While extraction systems based on optical character recognition (OCR) can work well on highly structured forms that don’t vary, they don’t work nearly as well in environments where the document structure or layout varies, such as with invoice processing, or where data is less structured, as with mortgage document processing.
Intelligent document processing systems can do the work faster and at higher accuracy, simplifying the lives of engineering and finance teams that used to rely on older OCR technology.
For example, an OCR-based system might produce 90% quality for highly structured forms in a lab setting, but that might drop to 70% or lower in the real world. All too often, the system encounters a wide range of variations of exposure, skew, or foreign objects that disrupt the digitized image used as input to the OCR system.

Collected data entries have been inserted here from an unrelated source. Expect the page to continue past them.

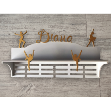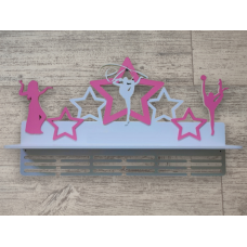 По краям медальницы расположена вертикальные фоторамки 10х15см, а по центру фигурка гимнастки с узорами...
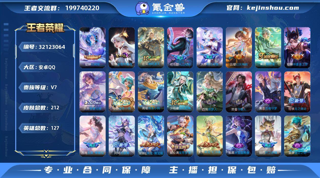 实名: 可修改 性别: 女号 贵族等级: V7 英雄数: 127 皮肤数: 212 荣耀水晶: 幻阙歌 星传说: 金色仲夏夜 传说皮: 仲夏夜之梦,挚爱花嫁,大乔-时之奇旅,幻光神枪,九山相柳,神树通天 限定皮: 遇见飞天,游园惊梦,幽恒,时之彼端,五谷丰年,至美·乘鲤谣,鸣野蒿
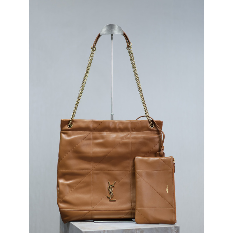 Saint Laurent Brown Quilted Leather Tote Bag With Pouch And Gold Chain
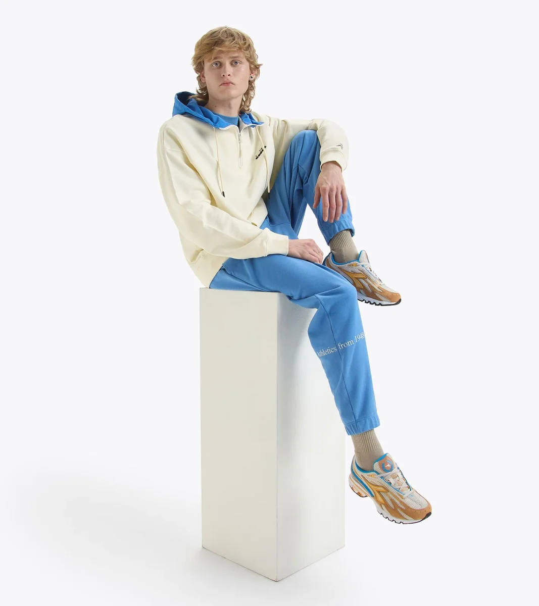 Combinando uno stile casual con elementi tecnici, la felpa con cappuccio HZ Legacy è realizzata in nylon Lamintess italiano e cotone parzialmente riciclato, certificato RCS. Il cappuccio tecnico è dotato di cordini regolabili che garantiscono protezione dal freddo. Completa di tasca a marsupio sul davanti e ricamo sul retro.
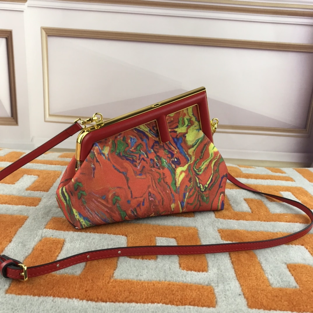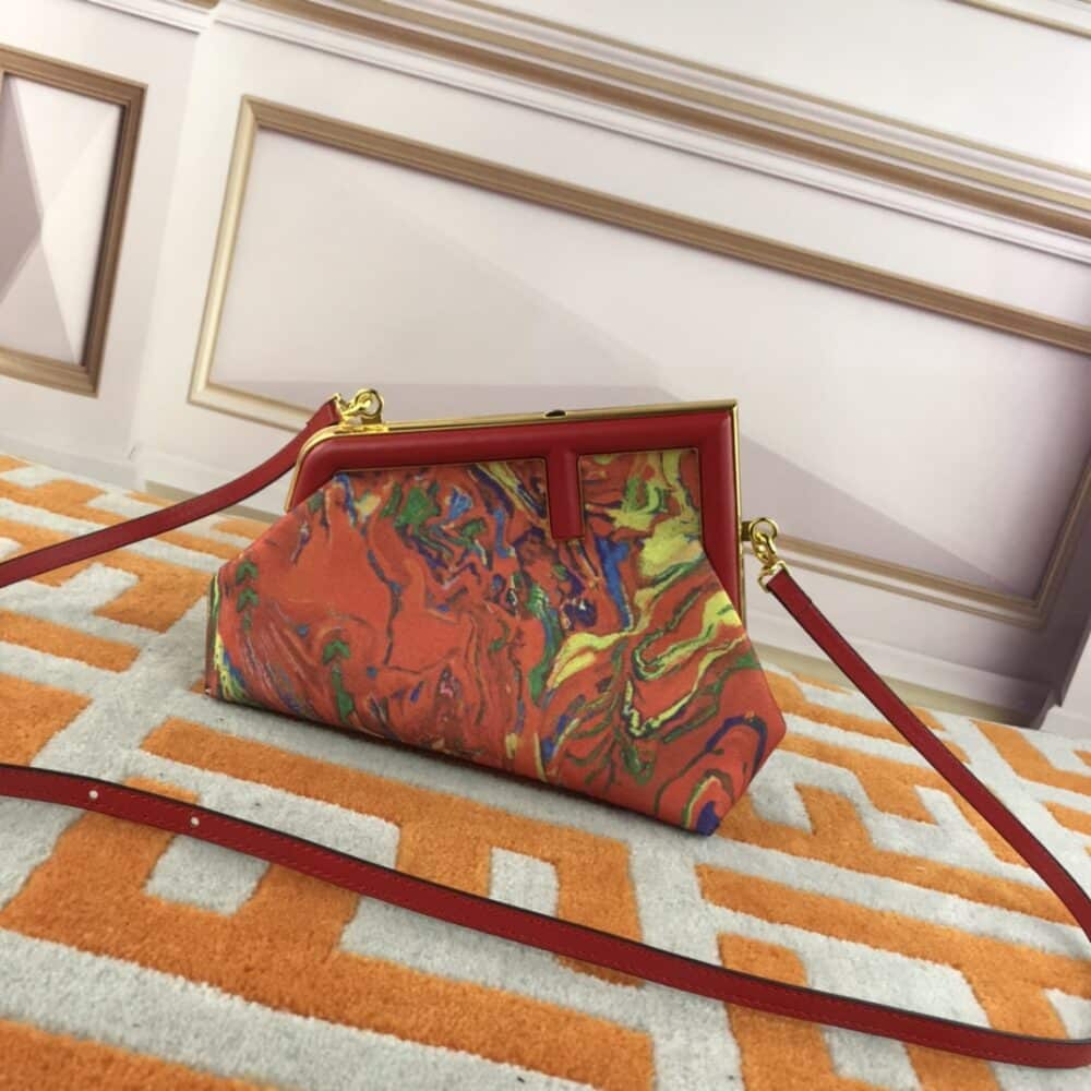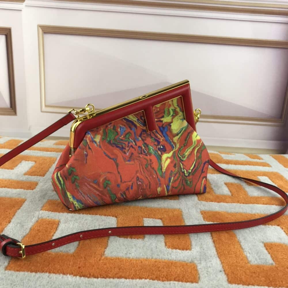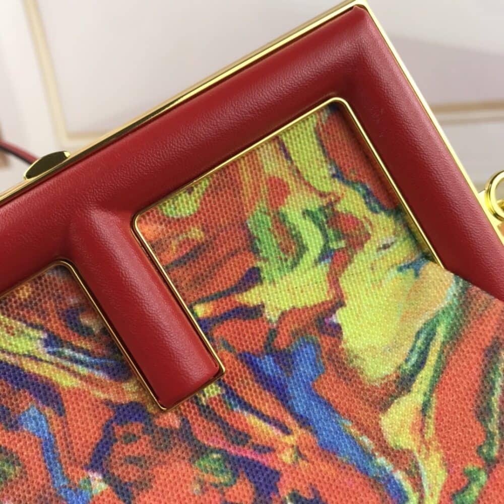 Fendi First Medium Red marble fabric bag 26cm 8BP127AGXLF0YTA

An adaptive document processing system, which deploys machine learning models for classification, can achieve much better—and yes, even more “intelligent”—results.
Let’s say your ML model produces 90% quality but you need 99%, a common requirement in financial services. A deep learning system based on both computer vision and natural language models can meet that higher quality service-level agreement (SLA) by running selected forms through a human reviewer, in a process known as “human in the loop.”
During processing, the system alerts human reviewers to specific documents or form fields based on the system’s confidence level about its accuracy. If a document doesn’t meet the confidence threshold, it’s routed to a reviewer, who verifies it. That verification information loops back into the system, training the algorithm to learn how to identify the content in those more difficult documents. In this way, an adaptive document processing system can achieve that 99% customer requirement.
Human-in-the-loop QA can be valuable for a number of reasons, not the least of which is liability. For some use cases, the increasingly rare transcription error can mean a missed delivery, or a package that gets stuck in customs. Transcription and extraction errors can prove very costly to businesses, either at the character level or the field/document level.
OCR has effectively become commoditized, with Google now maintaining the popular open-source Tesseract package it took over from Hewlett-Packard. Today, Tesseract includes long short-term memory (LSTM) networks for increasingly accurate character-level recognition.
But research and software engineering progress doesn’t end there: Transformers have paved the way for both document layout detection and form understanding. The future looks bright for achieving ever-greater accuracy for extracting just the right, actionable information from old-school, messy paperwork. And of course, when regulations or quality standards demand it, it’s always helpful to bring humans into the pipeline to further improve the models by catching model errors.